TASK ITEM: Only lines that contain the word "been" are to be returned from the data below.

RAW DATA Start Marker

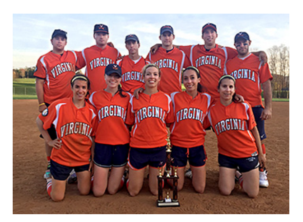
The Co-Rec Gold team finished second in its division.

The invitational has been donating proceeds from the invitational for 15 years to ReadyKids, formerly called Children, Youth and Family Services, one of the oldest nonprofits in Charlottesville. The nonprofit, which
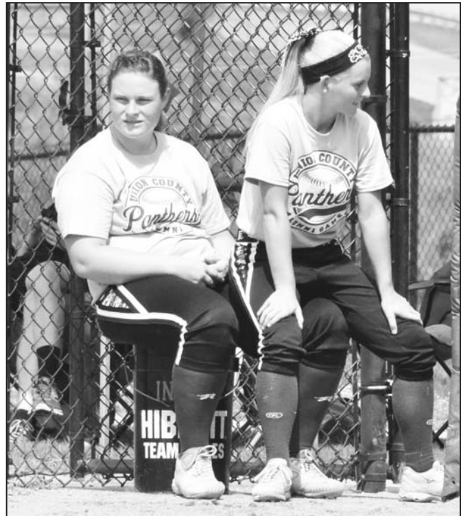
The current Lady Panthers may have been guilty of underestimating their elders.

RAW DATA End Marker

RESPONSE TO THE EXERCISE:
The invitational has been donating proceeds from the invitational for 15 years to ReadyKids, formerly called Children, Youth and Family Services, one of the oldest nonprofits in Charlottesville. The nonprofit, which
The current Lady Panthers may have been guilty of underestimating their elders.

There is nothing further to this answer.